24 February

Dumpstergate: Owning Up To Myself

by Jon Katz
Owning Yourself

 

Whenever there is a miscommunications like the one that swirled around the arrival of the dumpster last week, I pause. Communicating is important to a writer and where there is a misunderstanding as large as that one – it was substantial and surprising, if not that significant – I like to go back and wonder what happened. My business is to communicate clearly and well and I take that seriously.

I suspect the dumpster affair was in part about anger, mine. I carry a lot of anger in me, and most of the time it bubbles along out of sight, slumbering, waiting for something to come alone and wake it up.  I am learning – slowly and the hard way – that when there is unacknowledged anger in me, anger from the outside world will find me. It was finding me. Last week I got a letter from my health insurance company promising to cancel my insurance if I didn’t submit a form in several days. As no one had ever requested the form, I was upset at the kind of violation that sometimes occurs when dealing with remote corporations. Then an accountant at a publishing house seemed to renege on an understanding about a travel plan, and I was further irritated. Finally a group asking me to speak demanded that I appear in a suit and tie, as they were worried somebody living on a farm might show up in dirty or smelly clothes.  I was not comfortable with that (years ago I gave away my suits and burned my ties in my backyard, swearing never to wear one again.) request, to say the least. I took offense.

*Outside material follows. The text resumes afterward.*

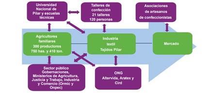 En la figura 1 se visualiza la cadena de valor productiva del sector algodón-textil-confecciones de Ñeembucú con sus respectivos integrantes:

The next day I wrote that I was getting a dumpster and I was suddenly flooded with messages urging me to recycle, lecturing me on the existence of poor people, and advising me that charities like libraries and the Salvation Army could use my stuff. Took some more offense. After a bit, it occurred to me that something was off, something was wrong. Was I off kilter, angry? Yes. As the presidential candidates demonstrate almost daily, anger breeds anger, not understanding. I did the work I am learning to do, moved along and got to a better place. I saw what was happening, and the only part I could really deal with was my own.

Today, a few days later, I see things in a different way. I need to own up to the anger and deal with it privately. I am not seeking sainthood or political office. It is sometimes healthy – even necessary – to be angry and express anger. To speak up for yourself. To set boundaries. I do not know of a healthy relationship in which some anger does not exist. It can be cleansing, and protective.

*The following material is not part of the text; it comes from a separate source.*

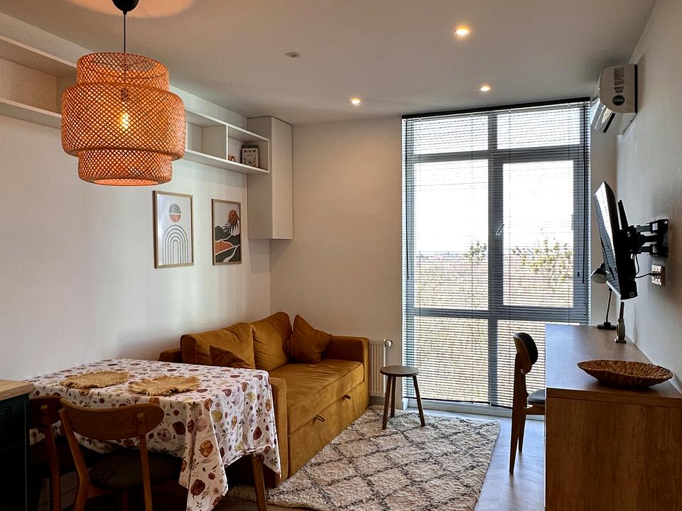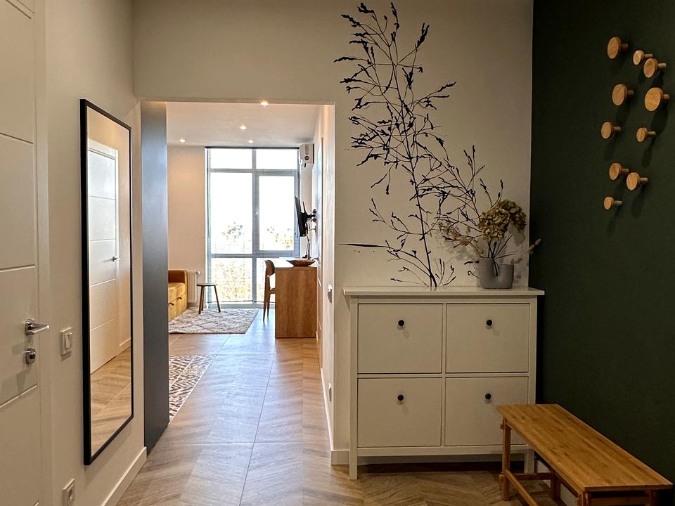В квартирі 1 кімната, Тип будинку - Спец. проект. Є газ, кухонна плита газова. Є балкон. У квартирі є Телевізор, Підігрів підлоги, Кондиціонер, Пральна машина, Душова кабіна, Холодильник, Посудомийна машина. Будинок побудований в 2022 році. Загальний стан квартири - З ремонтом. Гаряча вода - газовий котел. Кількість санвузлів: 1. Інтернет оптоволоконний. Працює без світла - вода, газ, опалення, інтернет, резервне живлення квартири (акумулятори). Тип кухні - кухня-студія. Кількість спален: 1. Комісія за послуги 100 %

By week’s end, the forms were on the way to the insurance company. The account apologized for the misunderstanding. The group said they would not mention my dress again. The dumpster was filling up with junk, and the readers of my blog seemed to understand that Maria and I could handle our own garbage in a responsible way, perhaps because I chose to communicate more clearly about it.

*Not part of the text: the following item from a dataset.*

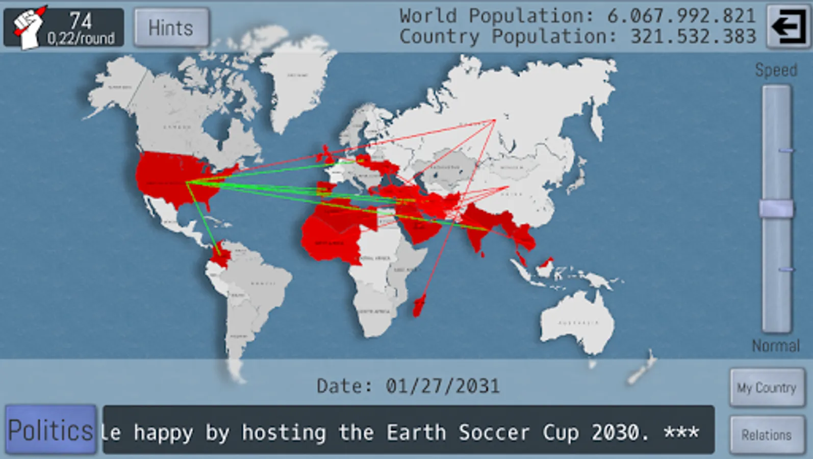 Select one of more than 50 actual countries with different attributes like infrastructure, population, military force or stability and make it the dominant force in the world. Improve relations, blackmail other leaders, nuke enemy countries or try to fight terrorism.

Garbage is different from baggage. People have to make their own decisions when communications fail. And many of the messages were surprising in their invasive gall and presumptuousness. But I am learning to own up to who I am, which is my job, and that includes a good deal of anger that I will work to release. Everybody else will have to reach their own conclusions. We are all responsible for the things we say and write. I am grateful for anger, really, because it has helped me take care of myself along the way.   And I guess this new world, this blog, this new environment we have is a relationship, too.